# Netzwerk > Anbindung an die Aussenwelt >  Masquerading Problem? Routing? TCP/IP Stack?

## michael.sprick

Hallo,

seit ich mein Gateway von RedHat 6.0 auf die 7.0 Version umgebogen habe, und die Workstation auf RH 8.0, habe ich folgendes merkwürdiges Problem:

zunächst mal funktionieren terminal Verbindungen (z.B. ssh) nach aussen nur noch vernünftig, wenn ich von der Workstation auf das Gate -> vom Gate auf den Host gehe. Verbinde ich mich direkt von der WS zum Host, so kommt zwar die Verbindung zustande, ich kann auch anfangen zu arbeiten, aber sobald das ergebnis eines Befehls etwas länger ist, oder ich z.B. ein Programm wie pine oder top benutze, kackt die Verbindung ab. No Chance auf Prozess abbrechen oder ähnliches. Ich die Verbindung richtig 'kill'en und mich neu Verbinden.
Kleinere sachen mit einer einzeiligen (oder etwas mehr) Rückgabe, kann ich problemlos ausführen...

Zweites Phänomen:

Einige wenige Webseiten sind von der WS aus NICHT! erreichbar. z.B. airberlin.com oder gmx.de.
Auch mit Lynx krieg ich sie nicht. 
Vom Gate selber hingegen kann ich sie mit Lynx betrachten (kein X ;-) )
Ich dachte zuerst, es liegt daran, das der Browser den Kram nicht interpretieren kann, weil nicht sauber programmiert wurde...aber daran liegt´s dann ja nicht.

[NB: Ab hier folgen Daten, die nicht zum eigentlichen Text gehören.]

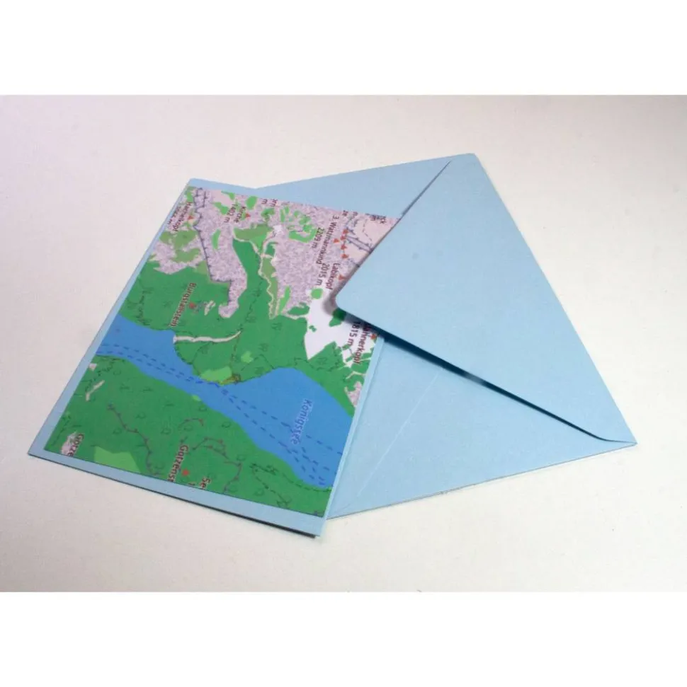 Der Umschlag auf der Rückseite ist mit einer Landschaftskulisse beklebt und dient als stilvoller Hintergrund. Hier kannst du Geld oder einen Gutschein sicher unterbringen. Zusätzlich erhältst du eine Klappkarte mit Landkartenausschnitt für persönliche Worte oder als Gutscheinträger.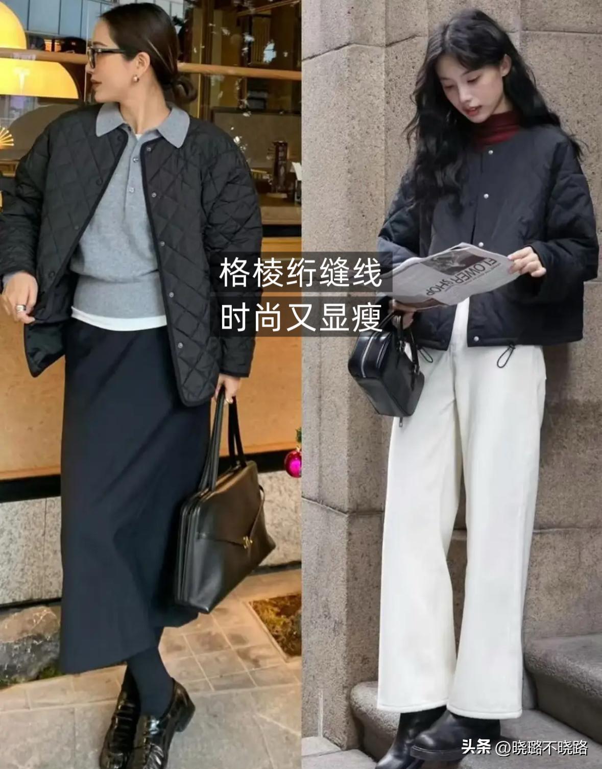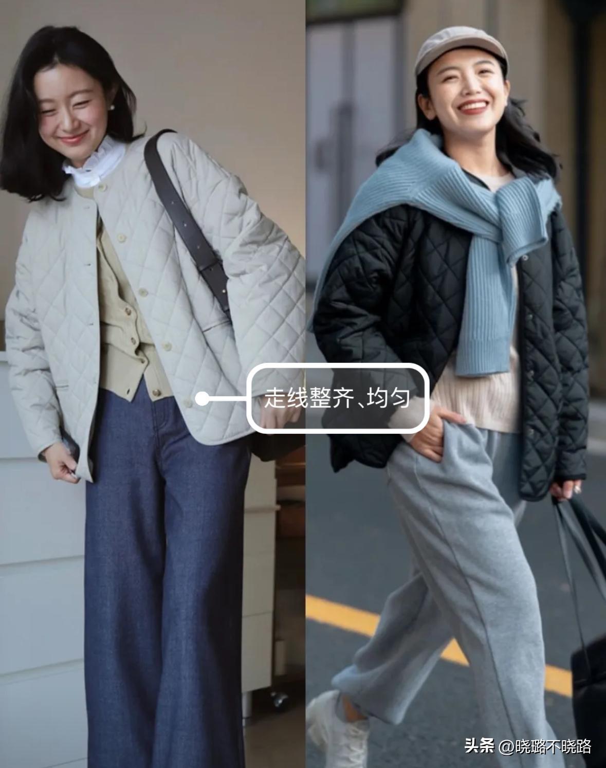 通過格棱絎縫線設計,將填充物固定在每一個小格子裏,不容易跑綿,而且還能增添立體度,自帶復古時髦感,可以輕鬆修飾身形,最關鍵的是沒有年齡限制。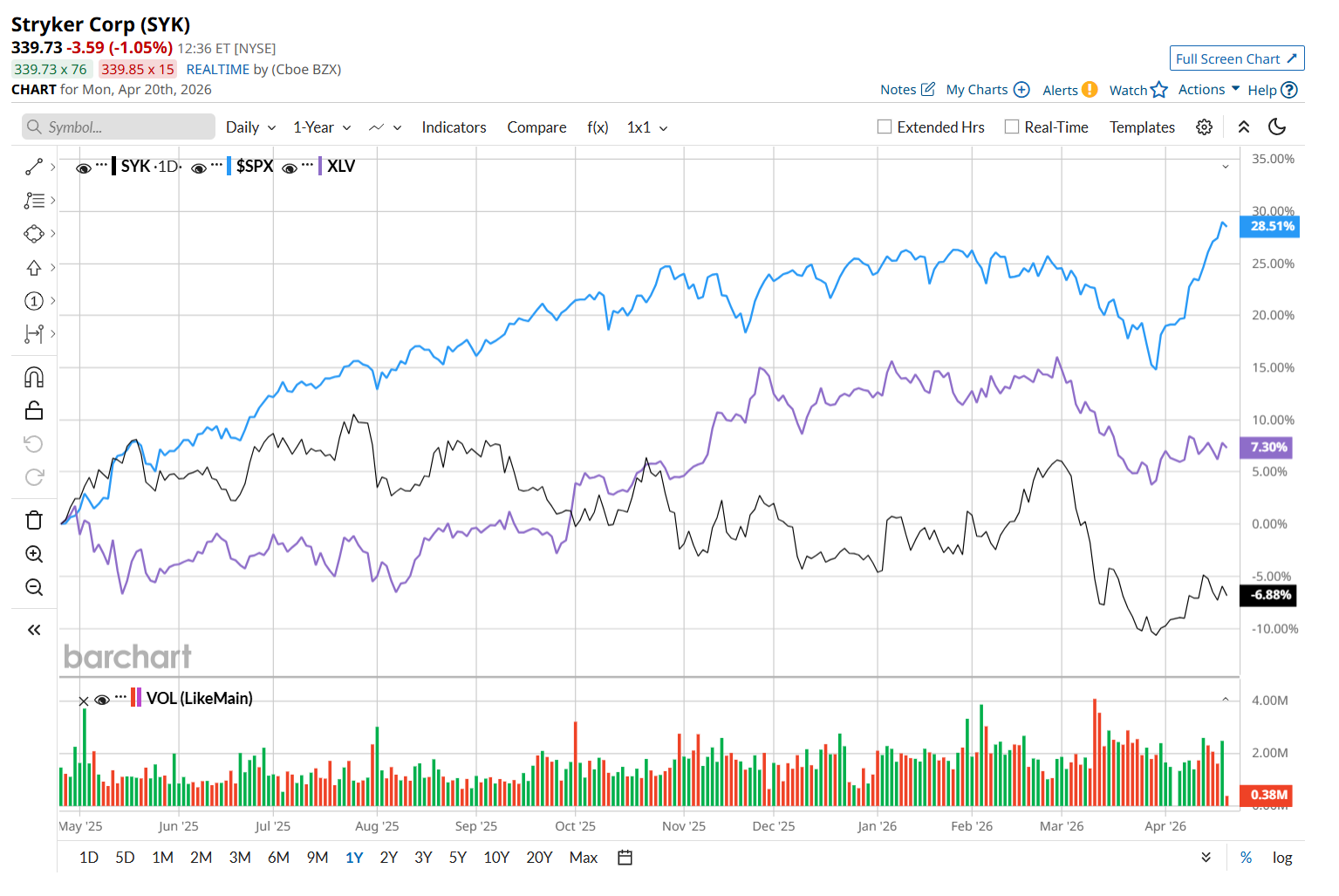 SYK has declined 1.7% over the past 52 weeks, considerably underperforming both the S&P 500 Index's ($SPX) 34.9% return and the State Street Health Care Select Sector SPDR ETF’s (XLV) 9.8% uptick over the same time period.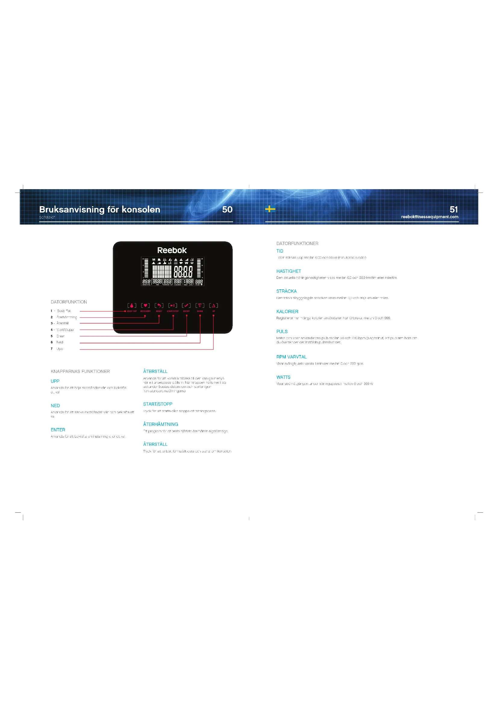 Norw5150 reebokfitnessequipment.com Bruksanvisning för konsolen SG7688-67 DATORFUNKTION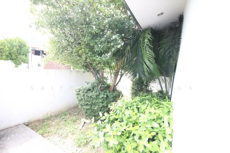บริเวณด้านข้างมีสวนและต้นไม้โตให้ร่มเงา เพิ่มความร่มรื่นและช่วยกรองสายตาจากภายนอก ลานรอบบ้านปูพื้นกระเบื้องและโรยหินตกแต่ง ดูแลง่ายและเหมาะกับผู้ที่ไม่ต้องการสวนที่ดูแลยุ่งยาก แนวกำแพงรอบที่ดินช่วยสร้างความเป็นส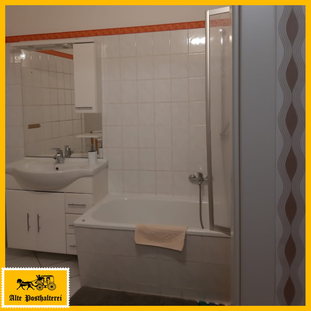 Aufbewahrungsmöglichkeit. Badezimmer mit Badewanne/WC.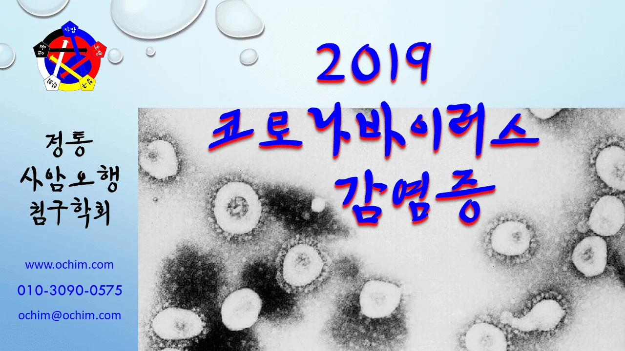 신종 코로나바이러스의 생존 가능한 온습도와 올바른 물 마시는 방법을 명의를 배출하는 정통사암오행침구학회에서 설명한다.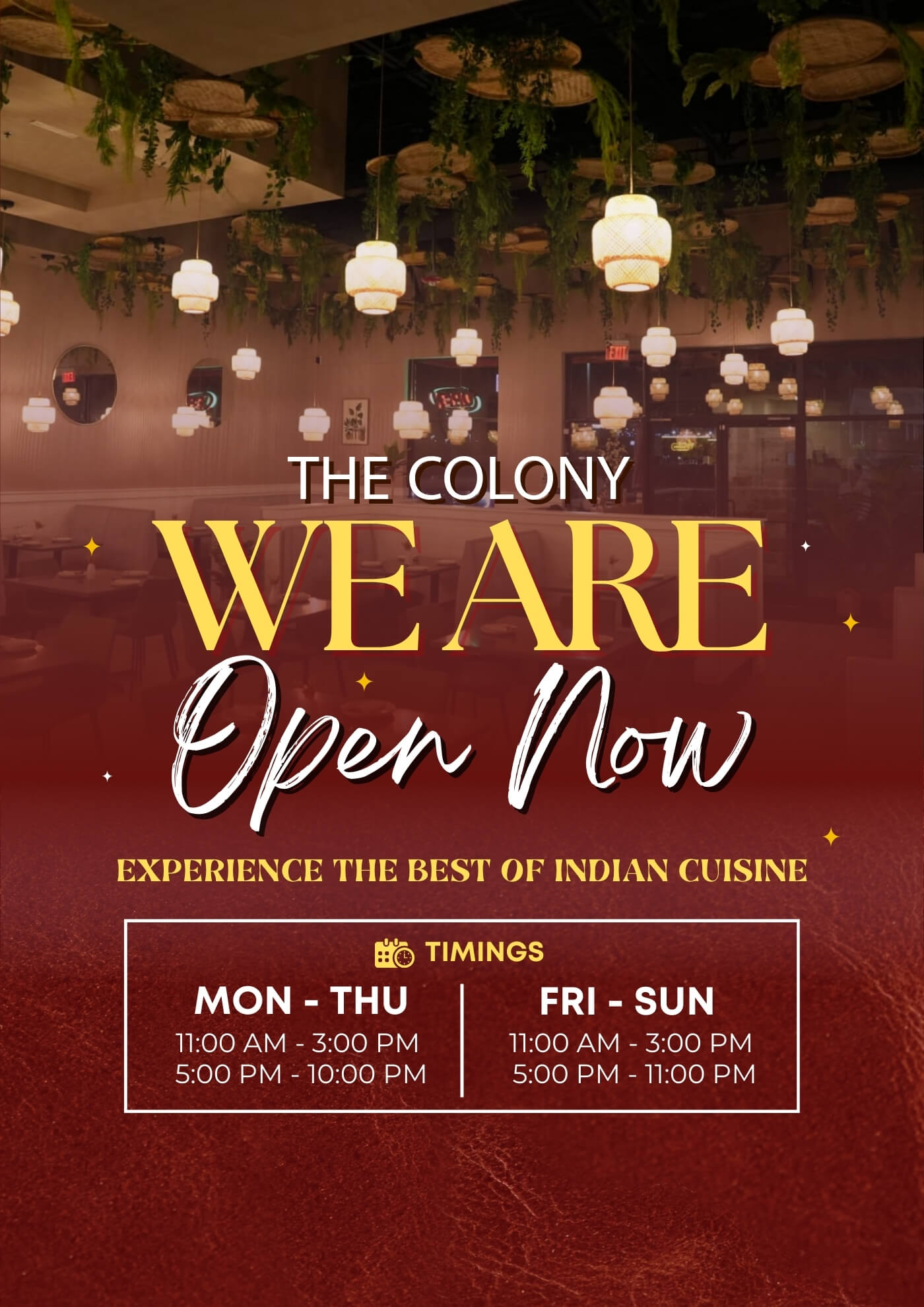 At Tabla Indian Restaurant, we bring you a rich variety of authentic Indian food in Colony, offering something scrumptious for every palate. From North Indian classics to South Indian favorites, our menu is crafted to reflect the diverse culinary traditions of India.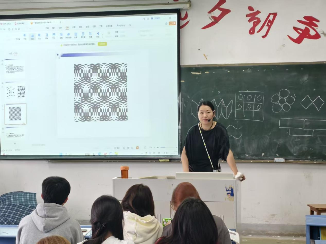 杨静老师为大家展示的是《设计构成》。她以市面上各类海报作例子,剖析了设计里面,点的类型与重要性。她的讲解通俗易懂,将理论与实践巧妙融合,让在场的各位老师领悟到设计的奇妙魅力。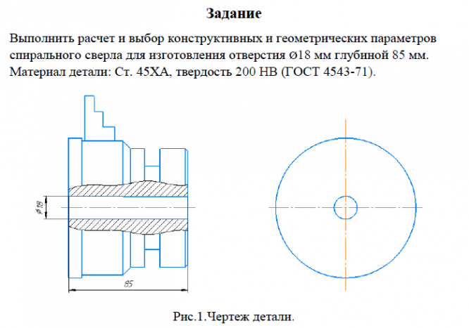 Домашнее задание №1 "Расчет конструктивных и геометрических параметров спирального сверла" (деталь Сталь 45ХА, твердость 200 HB)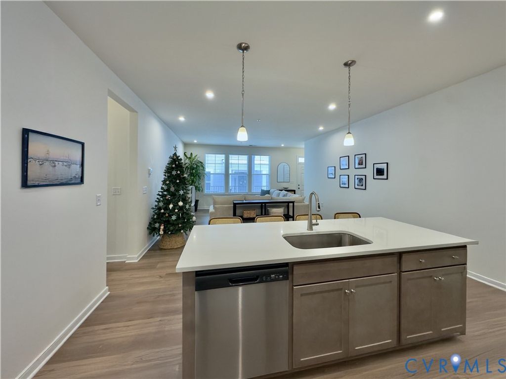 Welcome home to this beautifully maintained Lincoln model, by HH Hunt Homes, offering the comfort of like-new construction without the wait. Completed in early spring 2025, and gently lived in for only a few months, this first-floor end unit condo blends modern design with everyday convenience. Step inside to an inviting open-concept living, dining, and kitchen area, highlighted by 9-foot ceilings that enhance the natural light, and make the space easy to move through. The kitchen offers direct access to the attached one-car garage, creating a seamless transition when bringing in groceries or unloading the car. A generous kitchen island, stylish countertops, and a beautifully crafted backsplash create a stunning focal point, while the spacious pantry and abundant cabinetry make cooking and storage effortless. The spacious covered front porch provides a cozy place to enjoy fresh air while staying protected from the elements. Inside, the private bedroom layout features two comfortable bedrooms and two full baths. The primary suite stands out with abundant natural light, a generous walk-in closet, and a well-appointed bathroom featuring a double vanity and walk-in shower. Built on a slab foundation with no interior stairs, this home offers an appealing layout for anyone seeking ease of access and low-maintenance living. Nightly doorstep trash collection adds to the convenience. With new construction units still months from completion, this highly desirable model is move-in ready and shows beautifully throughout. A wonderful opportunity to enjoy contemporary finishes, thoughtful design, and a location that continues to grow in demand.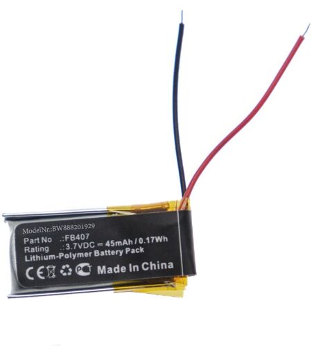 vhbw - the clever way - Batteria ricaricabile di ricambio, compatibile e di alta qualità, ad alta capacità, per smartwatch, bracciale fitness (Può trovare tutti i modelli corrispondenti qui di seguito) - La batteria può essere caricata con il caricabatterie standard o con uno compatibile - Le nostre batterie ricaricabili soddisfano tutti i requisiti rilevanti per la sicurezza operativa CONTENUTO DELLA SPEDIZIONE: - 1x batteria ricaricabile SPECIFICHE TECNICHE: - Tecnologia: Li-Poly - Capacità: 45 mAh - Tensione: 3,7 V - Energia: 0,17 Wh - Numero di celle: 1 - Peso: 1 g COMPATIBILE CON Fitbit Alta Activity, HR Per garantire la compatibilità, verificare se la batteria ricaricabile attualmente in uso è presente nell'elenco. SOSTITUISCE: - FB407 Accessori e pezzi di ricambio di alta qualità. Per prolungare la durata di vita dei Suoi apparecchi elettrici. ...

Kann mir vielleicht irgendjemand einen Denkanstoss geben? Hat jemand ähnliche Probleme? ....oder vielleicht sogar eine Lösung?

für das Masquerading benutze ich(da 7.0) noch ipchains. 
Die firewall habe ich bereits probeweise abgeschaltet - änderte auch nix.

vielen Dank schonmal,


der Michael :-)

----------


## geronet

Such mal nach MTU.

----------


## michael.sprick

Perfekt!!!!
Vielen Dank geronet :-)


Michael :-)

----------